The complement receptors C3aR and C5aR1 have been implicated for roles in tumourigenesis in numerous murine cancer models. However the few studies investigating the role of these proteins in breast cancer have produced conflicting results. Thus we sought to clarify the role of C3a and C5a in murine syngeneic breast cancer models, EMT6 and 4T1.
In accord with previous studies, we found that primary mammary tumour growth was inhibited by daily treatment of mice with the C3aR antagonist SB290157, whereas the C5aR1 antagonist PMX53 had no effect. However treatment with a dual C3aR/C5aR1 agonist (YSFKPMPLaR; EP54) significantly slowed mammary tumour development and progression, suggesting that complement receptor activation, in particular C5aR1, may protect against mammary tumour growth.
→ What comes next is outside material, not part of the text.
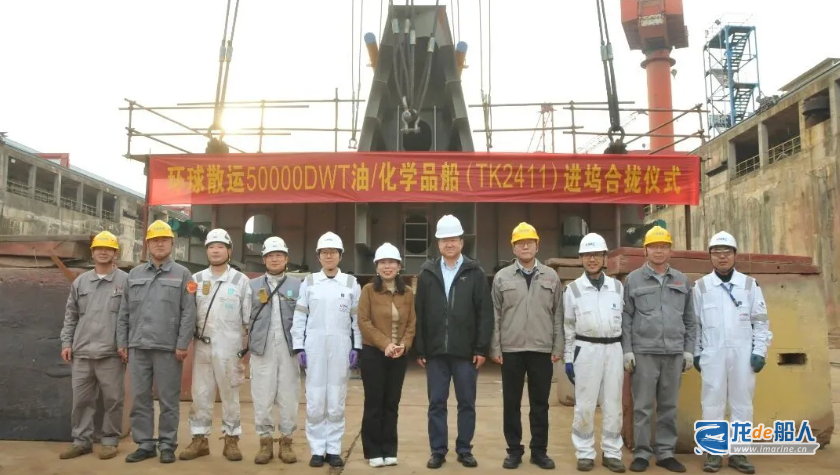 10月27日,环球散运订造的50000DWT油/化学品船(TK2411)进坞合拢。该型船总长182.75 米,型宽32.20米,型深19.10米,设计吃水11.00米,设计航速14.5节,入级LR。
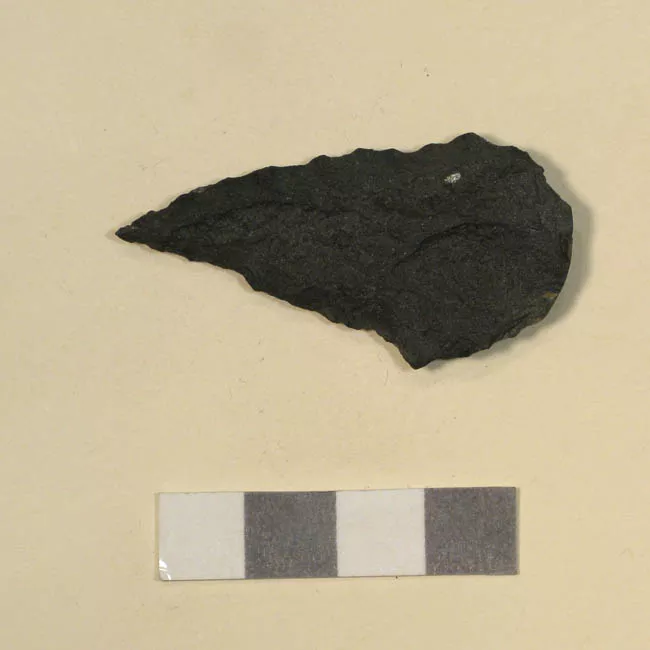 Punta de proyectil de forma triangular. La base de la punta es ligeramente cóncava y presenta unas pequeñas aletas, además de un pedúnculo en su sector central.

Examination of receptor expression by qPCR analysis showed very low levels of mRNA expression for either C3aR or C5aR1 by EMT6 or 4T1 mammary carcinoma cell lines compared with the J774 macrophage line or bone marrow-derived macrophages. Moreover, flow cytometric analysis found no evidence of C3aR or C5aR1 protein expression by either EMT6 or 4T1 cells, leading us to hypothesize that the tumour inhibitory effects of EP54 are indirect, possibly via regulation of the anti-tumour immune response. This hypothesis was supported by flow cytometric analysis which demonstrated a significant increase in tumour infiltrating T lymphocytes in EP54-treated mice.
In summary, these results support an immunoregulatory role for complement receptors in primary murine mammary carcinoma models. They also suggest that complement activation peptides can influence the anti-tumour response in different ways, depending on the tumour type and the host immune response within the tumour microenvironment.